Please guide me here. Thanks.
 A: I can understand your confusion. It really all depends on how you define your notation, and what background you have in these topics.
Models like this stem from 4 different strands of methodological research: hierarchical linear models (eg Bryk & Raudenbush, 1992), multilevel models (eg Snijders & Bosker, 2012) and mixed effects models (eg Pinheiro & Bates, 2000), and the analysis of planned experiments (eg ANOVA, random effects ANOVA, factorial experimens etc). The first two are very similar, but the first evolved mostly in the USA, whereas the 2nd evolved mostly in europe; the third is fairly ubiquitous, while the 4th can be thought of as a class of more general models of which the first thre are specific examples.
The notation of your first model is a textbook example of BOTH a two-factor factorial experiment (with two random factors) AND a two-factor mixed effects model (with one random factor)
$$Y_{ij} = \mu + \alpha_i + \gamma_j + (\alpha\gamma)_{ij} + \epsilon_{ij}$$
This model says we have 2 factors, machine and worker in your case, where 3, and 6 machines are workers, respecively, have been sampled from a wider population of such machines and workers. This would then be a variance components model. Of course the usual objections to the number of levels of both factors would apply. Alternatively (and this is the way you using it) we can say that machine is a fixed effect, and then we have a mixed effects model.
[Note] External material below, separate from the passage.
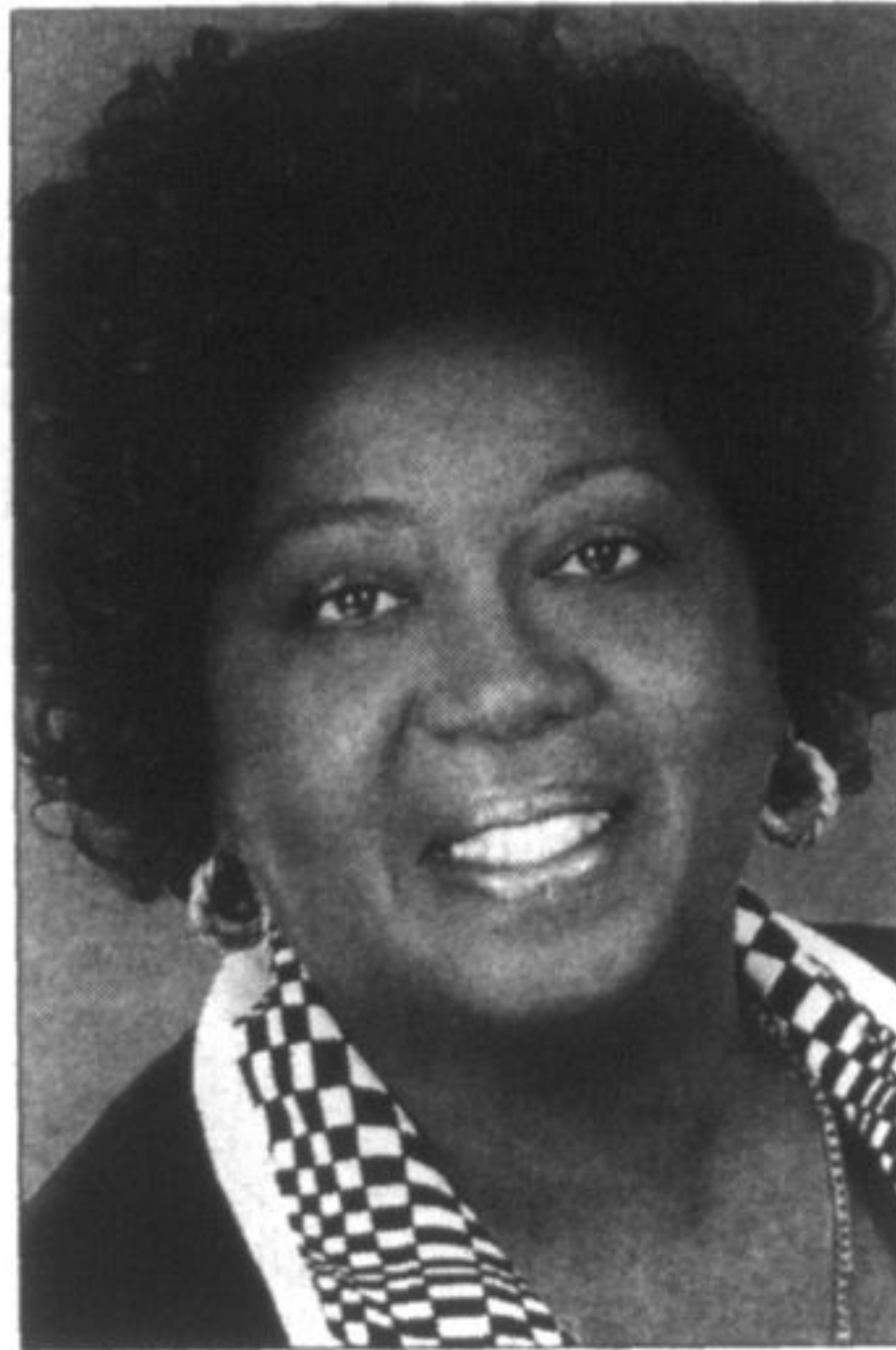
JEAN AUGUSTINE: Ontario's first fairness commissioner was also Canada's first black, female MP.

The luncheon is sponsored by the Whitchurch-Stouffville Women of Dis-

So we can see that using this notation, we are using the subsripts to denote the levels of each factor:
$$
\left\{\begin{array}{c} 
\begin{align}
i&=1,2,3 \\ 
j&=1,2, \dots,6 \\ 
\end{align}
\end{array}\right.
$$
That is the usual type of notation in experimental design analysis, hence the similar notation in your ANOVA model:
$$ Y_{ij} = \mu + \alpha_i +  \epsilon_{ij} $$
However, in the last model you wrote:
$$ Y_i = \beta_0 + \beta_1 X_1 + \epsilon_i $$
the assumption is that $X_1$ is the name of continuous variable, not a level 1 of a factor called $X$ . If it were a factor then we could use the notation above, or we could create seperate dummy variables.